AWS Certified Database – Specialty — Question 237

A company uses multiple AWS accounts in AWS Organizations to separate development teams that work on different applications. Each AWS account contains multiple applications that run in the default VPC with interface endpoints. The applications need access to the same underlying data in an Amazon Aurora PostgreSQL DB cluster in one of the AWS accounts.
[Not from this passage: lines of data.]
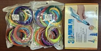 Nové 3D pero v krabici s příslušenstvím K tomu filamenty různé barvy, dvě sady. V sadě 20ks barev po pěti metrech. Specifikace: Barva: modrá Motor: kovový Tisková tryska: keramická Rychlé zahřátí: v cca. 40 sekund až 160 °C Režim spánku: po přibližně 3 minutách nečinnosti Displej: LCD (indikuje teplotu a provozní režim) Nastavení teploty ohřevu: srozsahem 160-210 °C Nastavení rychlosti tisku: plynulá změna Kompatibilita filamentů: PLA a ABS Průměr filamentu: 1,75 mm Průměr tiskové trysky: 0,7 mm Napájení: 5 V / 2 A Certifikace: CE, FC, RoHS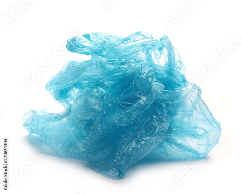 Fototapeta premium Crumpled plastic blue garbage roll ball isolated on white background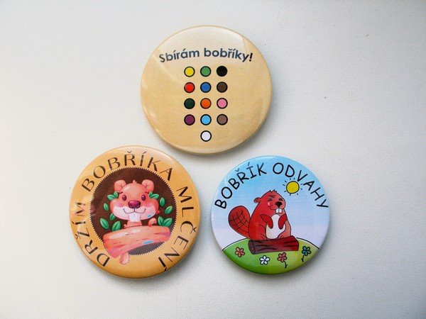 Také tentokrát jsme si mohli prohlédnout několik sběratelských novinek z oboru foglarovských odznaků. Šlo o tři foglarovské buttony – placky a jednu výroční turistickou známku: První z placek – SBÍRÁM BOBŘÍKY nabízí brněnská firma T-SHOCK a znalce překvapí foglarologicky přesným pořadím jednotlivých barevných bobříkových puntíků. Objednat si ji můžete v pěti různých velikostech a s libovolnou barvou podkladu. Další dvě placky zobrazují spíše dětský motiv bobra. Placku DRŽÍM BOBŘÍKA MLČENÍ dodává firma K. A. T. Ja. WIN company s. r. o., a placku BOBŘÍK ODVAHY vám vyrobí ve firmě Šikovnej domek ze Sezimova Ústí.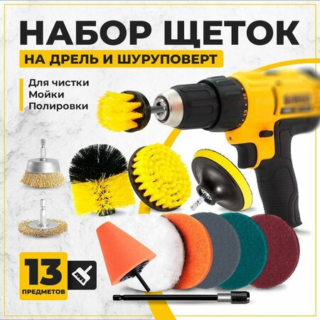 Набор щеток насадок на дрель и шуруповерт включает в себя полезные инструменты для удобной уборки, чистки и полировки любых поверхностей. Он поставляется в разных комплектациях, и, в зависимости от комплектации (указанной на картинке), в нём можно найти: щетку для уборки, щетку для мытья окон, насадку на дрель для полировки, щетку для машины, насадку на дрель шлифовальную и иные полезные инструменты! Данный набор включает три щетки на шуруповерт средней жёсткости, которые облегчат уборку в труднодоступных местах и удаление даже стойких загрязнений. Они отлично подойдут для чистки душа, ванной, плитки и мрамора. Также в набор входят два диска для полировки поверхностей с удобным держателем. Красный диск (средний) подходит для бережной полировки и очистки стали, плитки, раковин или линолеума. Зелёный диск (жёсткий) подходит для удаления накипи и известкового налёта с посуды, кастрюль, сковородок и другой кухонной утвари. Кроме этого, набор включает ряд инструментов для шлифовки и полировки металлов и жёстких поверхностей, быстро удаляющих нагар, грязь и ржавчину с любых поверхностей, а также удлинитель для патрона, облегчающий уборку в труднодоступных местах. Насадка на шуруповерт и щетка на шуруповерт отлично подойдут для поддержания чистоты в квартире, доме, машине, офисе, на заводах и предприятиях. Это незаменимые инструменты, которые сильно упростят наведение порядка в любых локациях, а также помогут отполировать, почистить и помыть буквально что угодно. Благодаря надёжному креплению, щётки не будут выпадать из патрона шуруповёрта или дрели, надёжно фиксируясь в разъёме и сильно облегчая механическую работу с поверхностями. Насадка на дрель щетка – это идеальный выбор для чистки салонов автомобилей и автомобильных дисков, для чистки посуды со стойкими загрязнениями, для удаления ржавчины и накипи с металла или бытовой техники, а также для поддержания порядка на кухне, в санузле, в спальне, в гостиной и даже в гараже! Набор сильно облегчит процесс уборки в труднодоступных местах, а также поможет поддерживать хорошее состояние различных инструментов, кухонной утвари и другого инвентаря. Щетка насадка на дрель и шуруповёрт – это удобный инструмент, который станет вашим незаменимым средством для поддержания чистоты и облегчит процесс уборки, сделав его куда быстрее и приятнее!

Which solution will meet these requirements in the MOST operationally efficient way?

Answer options

• A. Use AWS Resource Access Manager (AWS RAM) to share the subnet that contains the database. Create an Amazon RDS Proxy endpoint for the other applications to access.
• B. Use VPC peering to connect the VPCs of the other AWS accounts to the subnet that contains the database.
• C. Create an Amazon S3 bucket that stores database backups. Configure replication to S3 buckets in the other accounts. Restore the backups in the other AWS accounts.
• D. Create an interface VPC endpoint for the Amazon RDS API. Attach an endpoint policy that grants the other AWS accounts access to the database.

Correct answer: A

Explanation

The correct answer is A because using AWS Resource Access Manager (AWS RAM) to share the subnet with an Amazon RDS Proxy endpoint allows seamless and efficient access to the database from multiple AWS accounts without the need for complex networking configurations. Option B, VPC peering, introduces additional management overhead, while option C involves unnecessary data replication and restoration processes, and option D does not directly provide access to the database without additional configurations.